* [What is being asked] Please transcribe the data that follows without the pictures, keeping every word the same.

──────── Dataset excerpts ────────

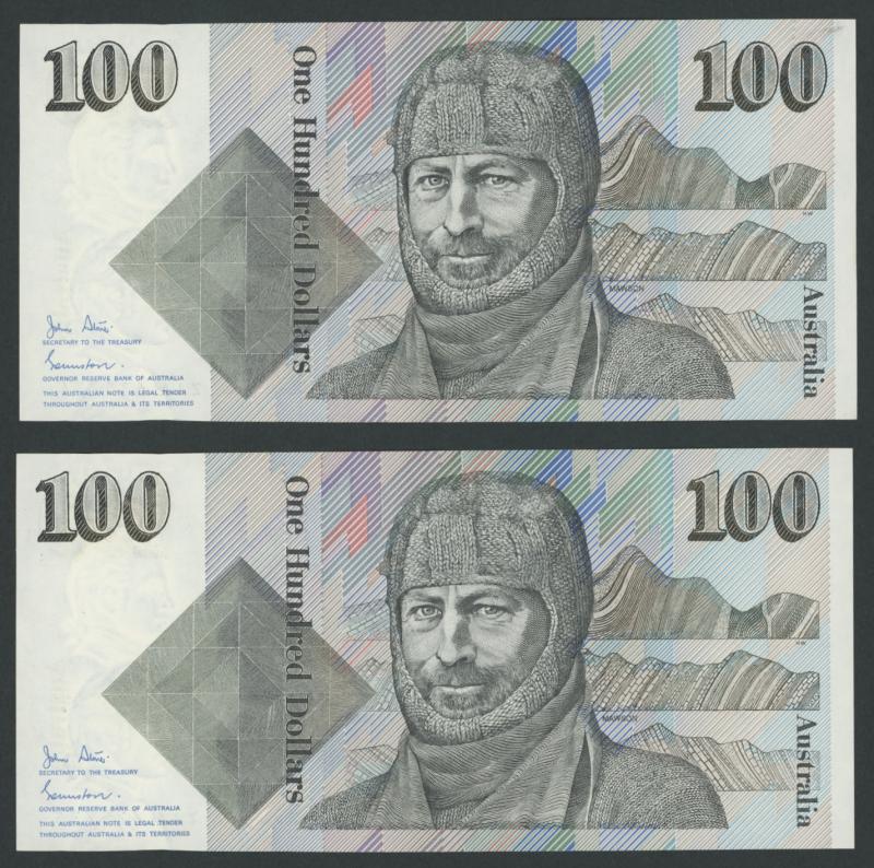 1984 $100 Johnston/Stone R608F pair First Prefix serials 'ZAA 675734'-'735', lightest bend on one unit, Unc, Cat $1540.
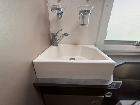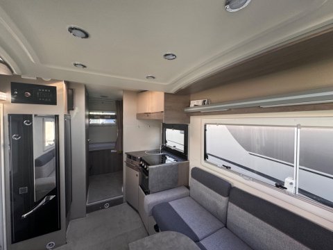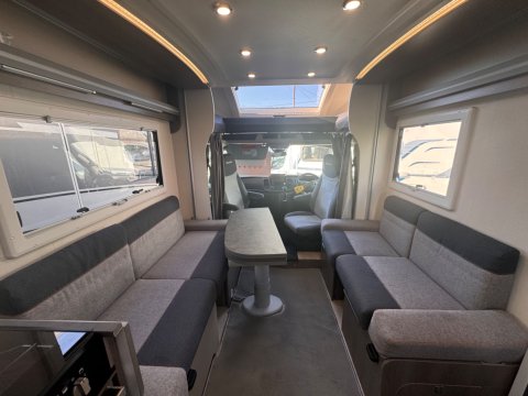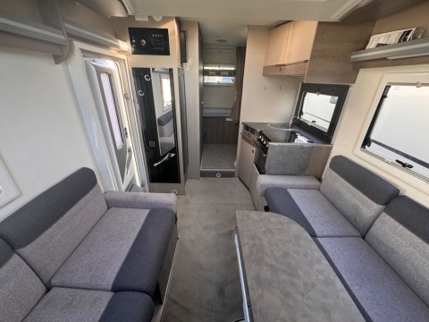 This smart, innovative feature consists of two inward-facing side sofas in the front lounge area. While static, these benches conceal two forward-facing, belted travel seats for passengers during transit.
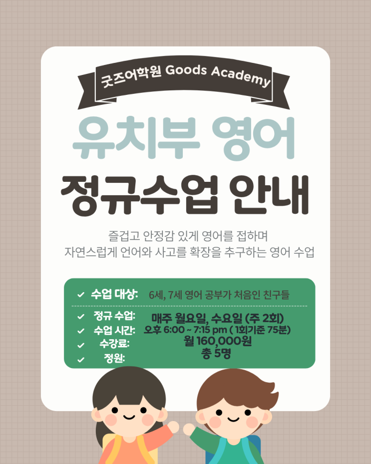 [공지] 굿즈어학원 유치부 정규 수업 안내
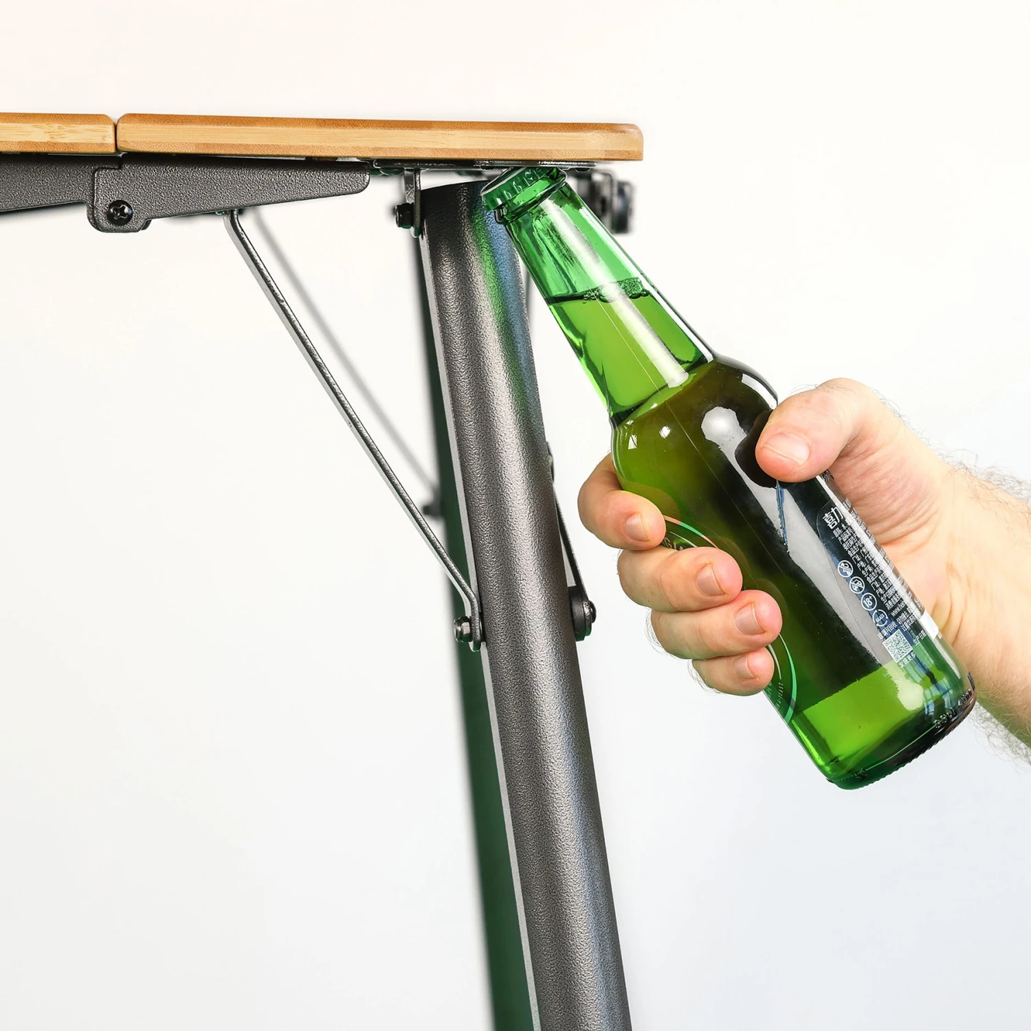 Once you’re sitting down comfortably at this table, you won’t have to get up to crack open a bevvie as it comes with a bottle opener built-in. When it’s time to pack up, it folds down small and packs easily into a carry bag for simple transport and storage.
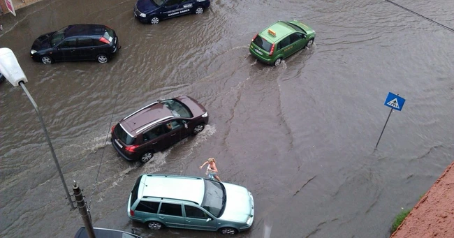 FOTO Inundaţii după furtună la Alba Iulia: străzi şi subsoluri acoperite de apă după o ploaie torenţială
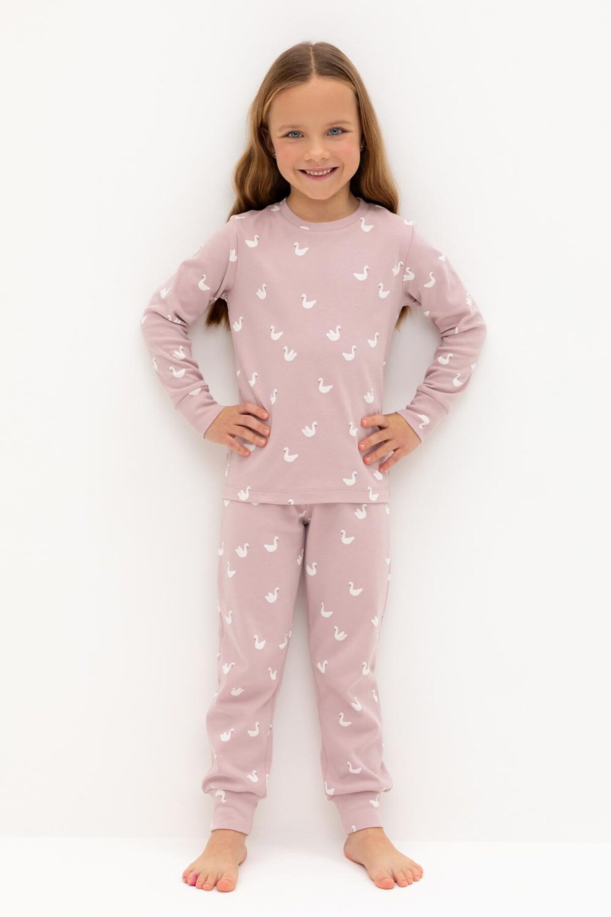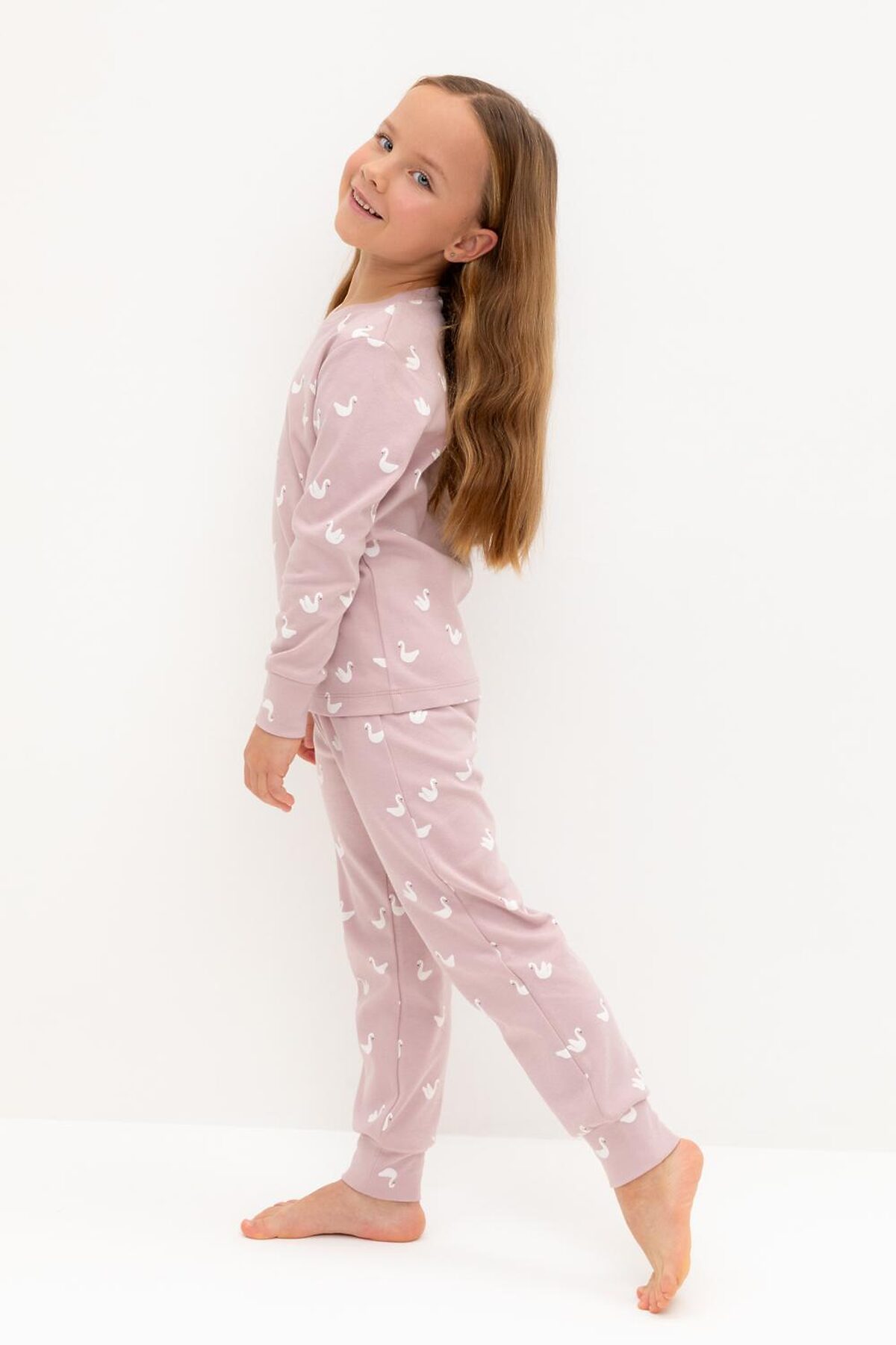 Пижама CROCKID, розово-сиреневый,лебеди

────────

* [Task result]
 1984 $100 Johnston/Stone R608F pair First Prefix serials 'ZAA 675734'-'735', lightest bend on one unit, Unc, Cat $1540.
 This smart, innovative feature consists of two inward-facing side sofas in the front lounge area. While static, these benches conceal two forward-facing, belted travel seats for passengers during transit.
 [공지] 굿즈어학원 유치부 정규 수업 안내
 Once you’re sitting down comfortably at this table, you won’t have to get up to crack open a bevvie as it comes with a bottle opener built-in. When it’s time to pack up, it folds down small and packs easily into a carry bag for simple transport and storage.
 FOTO Inundaţii după furtună la Alba Iulia: străzi şi subsoluri acoperite de apă după o ploaie torenţială
 Пижама CROCKID, розово-сиреневый,лебеди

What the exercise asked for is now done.